Equivalent as the above example:
st = starling.ST(adata, 'T', 'Y', 'area', 'Y', 1, 1e-3)


## Setting trainning log


Once training starts, a new directory 'log' will created.


In [9]:
## log training results via tensorboard
log_tb = TensorBoardLogger(save_dir="log")


One could view the training information via tensorboard. Please refer to torch lightning (https://lightning.ai/docs/pytorch/stable/api_references.html#profiler) for other possible loggers.


## Setting early stopping criterion


In [10]:
## set early stopping criterion
cb_early_stopping = EarlyStopping(monitor="train_loss", mode="min", verbose=False)


Training loss is monitored.


## Training Starling


In [11]:
## train ST
trainer = pl.Trainer(
    max_epochs=100,
    accelerator="auto",
    devices="auto",
    deterministic=True,
    callbacks=[cb_early_stopping],
    logger=[log_tb],
)
trainer.fit(st)


GPU available: False, used: False
TPU available: False, using: 0 TPU cores
IPU available: False, using: 0 IPUs
HPU available: False, using: 0 HPUs
Missing logger folder: log/lightning_logs



  | Name | Type | Params
------------------------------
------------------------------
0         Trainable params
0         Non-trainable params
0         Total params
0.000     Total estimated model params size (MB)
/poetry-env/lib/python3.10/site-packages/pytorch_lightning/loops/fit_loop.py:293: The number of training batches (27) is smaller than the logging interval Trainer(log_every_n_steps=50). Set a lower value for log_every_n_steps if you want to see logs for the training epoch.

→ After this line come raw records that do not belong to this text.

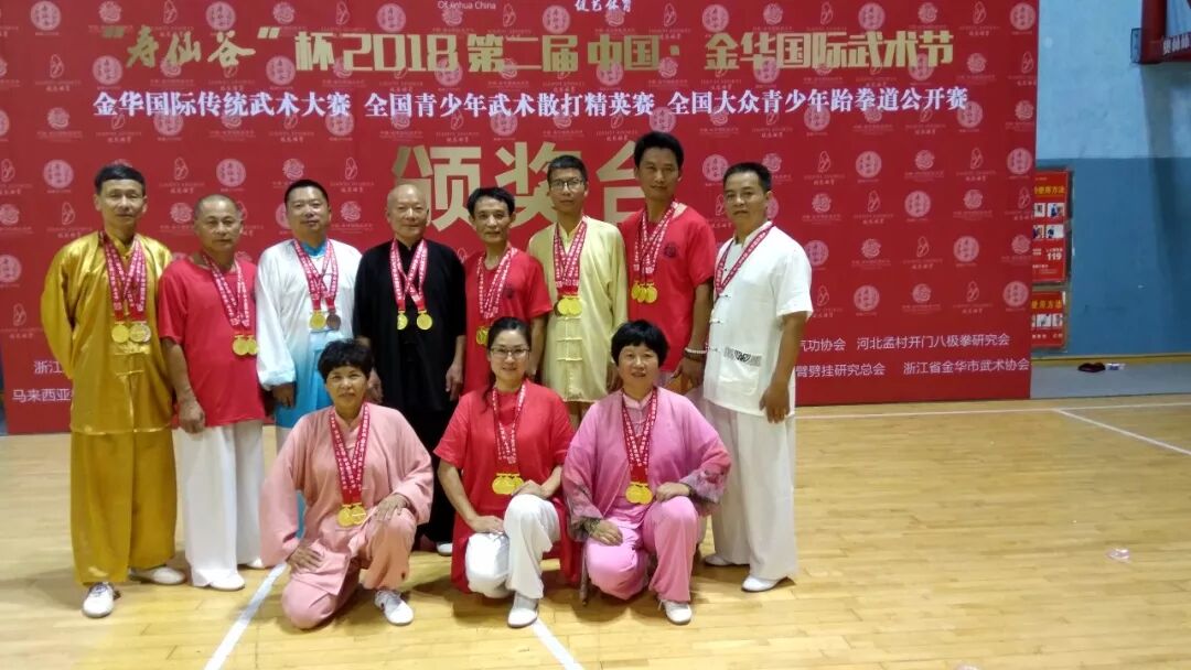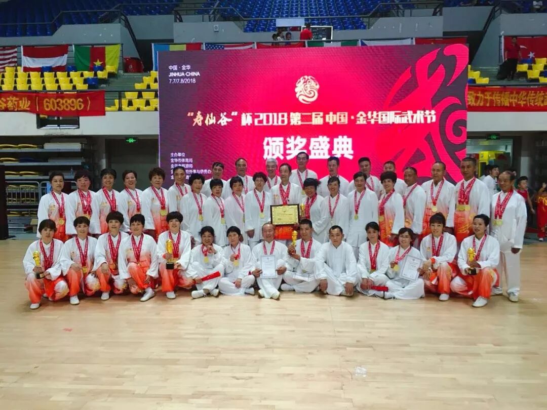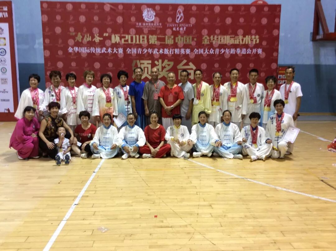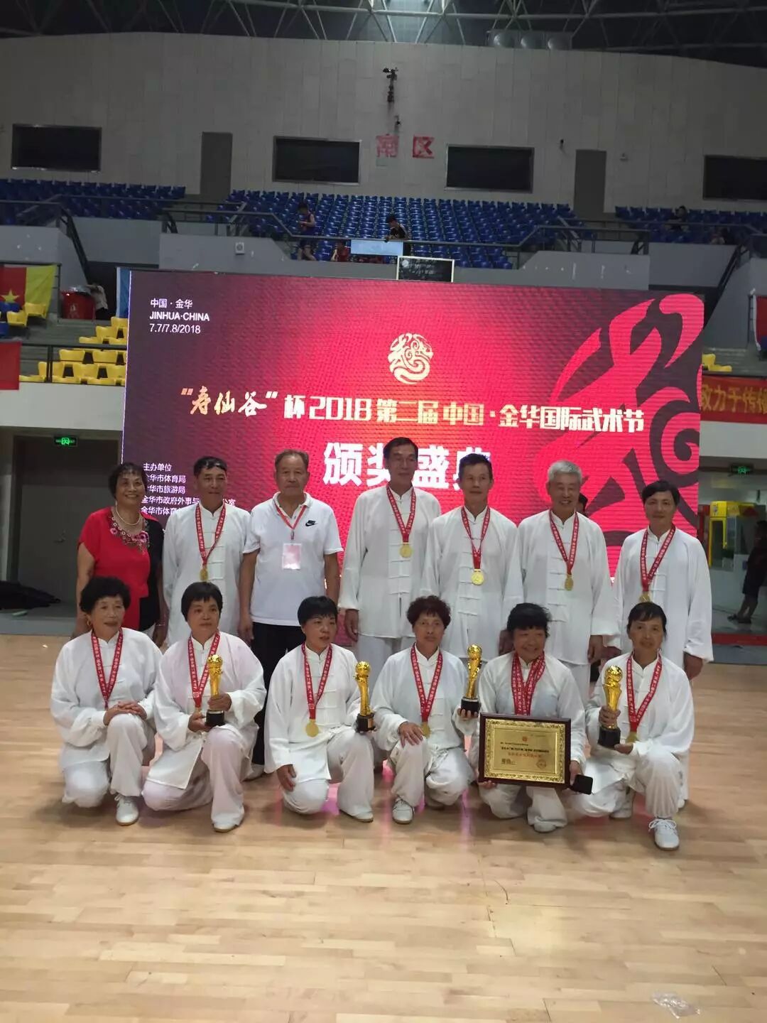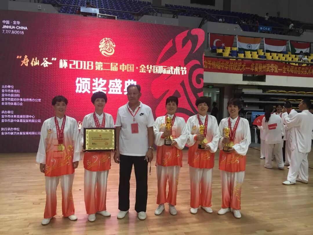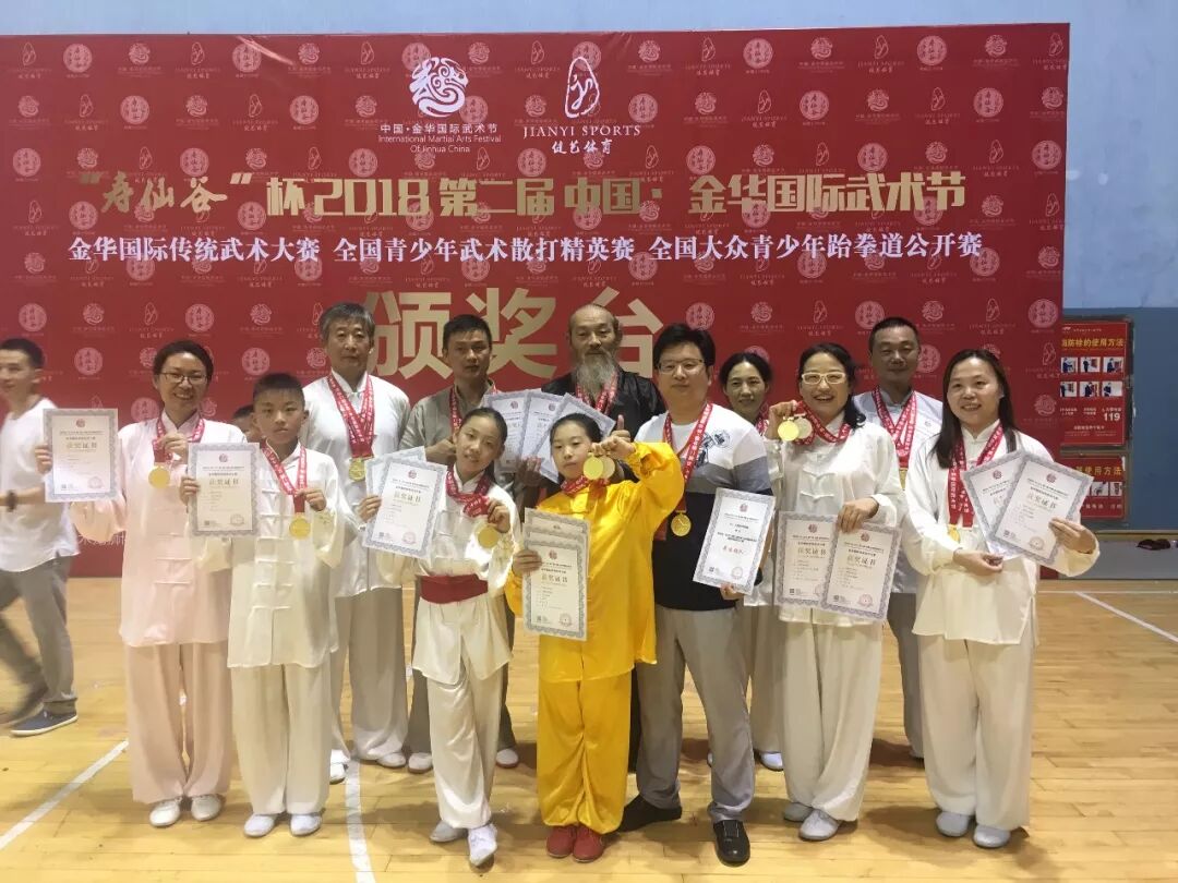 (嘉宾为传统武术总团体获奖队伍颁奖)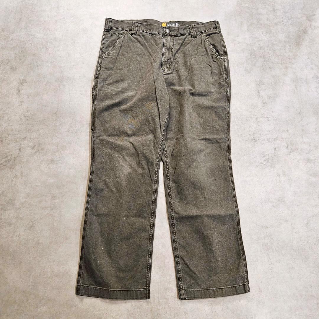 カーハート W38 ダックパンツ ペインター 古着 ロゴ グレー 17997
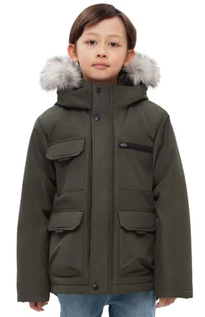 Kids' Parka Coat With Detachable Trim In Green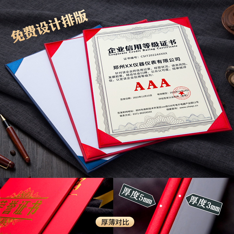 a4单面证书保护套单页单片式荣誉证书封皮竖款聘书竖版结业证件书奖状框获奖封面定制外壳不折叠封套证书套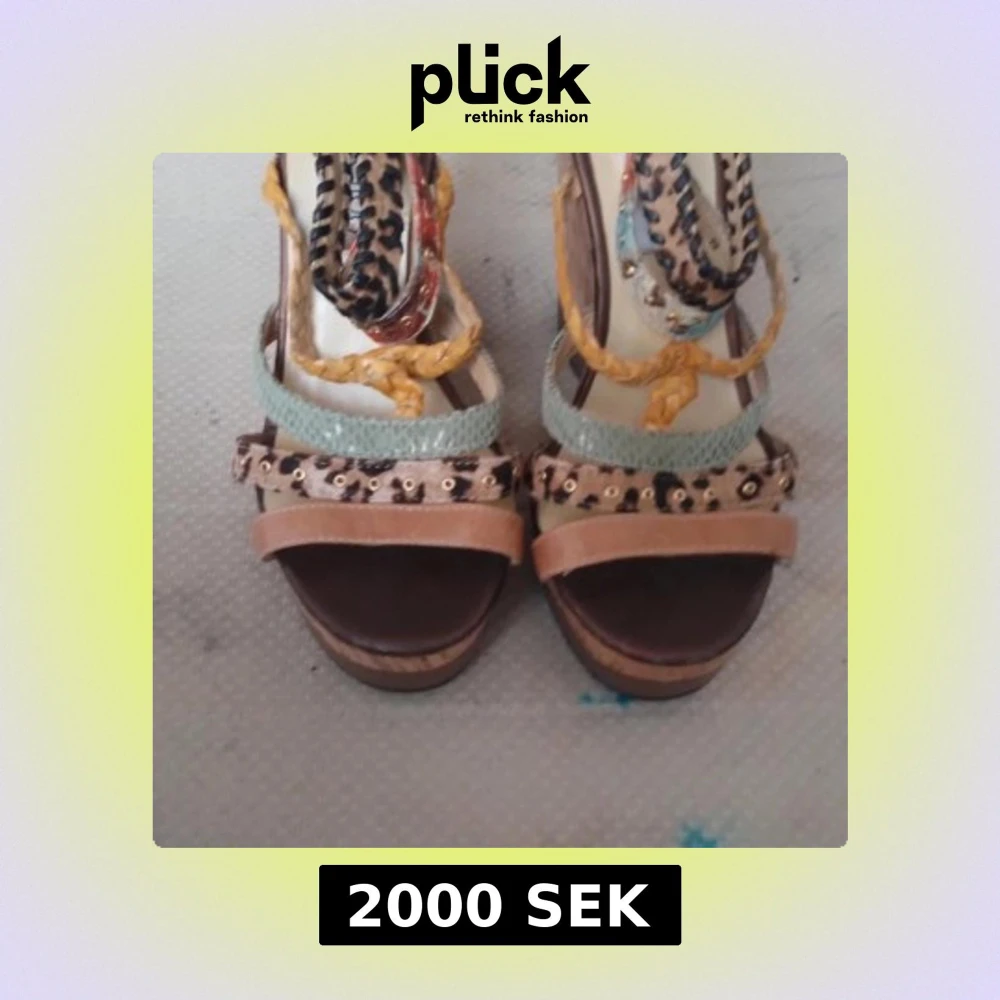 Unika sandaler från Jimmy Choo med hög kilklack i kork, flätade detaljer och flera färger som beige, gul och mintgrön. Remmarna har leopardmönster, nitar och ormskinnslook. Perfekta för dig som vill sticka ut med coola detaljer och plattform. nya oanvända. Köpa i USA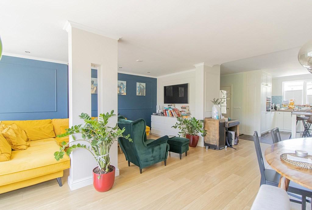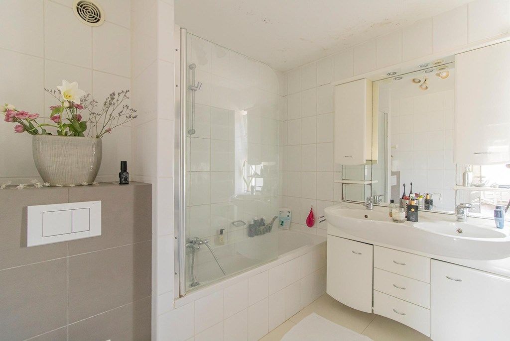 Through the entrance hall, which includes a modern toilet and access to the storage room (also reachable via a separate front door — perfect for bicycles or extra storage), you enter the heart of the home. At the front of the house, you’ll find a contemporary open kitchen, equipped with an induction hob, dishwasher, extractor hood, and combi-oven. The spacious living room at the rear is flooded with natural light and opens directly onto the sunny south-facing garden, providing a peaceful retreat.

Epoch 0:   0%|          | 0/27 [00:00<?, ?it/s] 

  prob_data_given_gamma_d1.T + log_delta[1] - prob_data


Epoch 99: 100%|██████████| 27/27 [00:01<00:00, 24.34it/s, v_num=0, train_loss_step=58.10, train_loss_epoch=58.40]

`Trainer.fit` stopped: `max_epochs=100` reached.


Epoch 99: 100%|██████████| 27/27 [00:01<00:00, 24.24it/s, v_num=0, train_loss_step=58.10, train_loss_epoch=58.40]


## Appending STARLING results to annData object


In [12]:
## retrive starling results
st.result()


## The following information can be retrived from annData object:

- st.adata.varm['init_exp_centroids'] -- initial expression cluster centroids (P x C matrix)
- st.adata.varm['st_exp_centroids'] -- ST expression cluster centroids (P x C matrix)
- st.adata.uns['init_cell_size_centroids'] -- initial cell size centroids if STARLING models cell size
- st.adata.uns['st_cell_size_centroids'] -- initial & ST cell size centroids if ST models cell size
- st.adata.obsm['assignment_prob_matrix'] -- cell assignment probability (N x C maxtrix)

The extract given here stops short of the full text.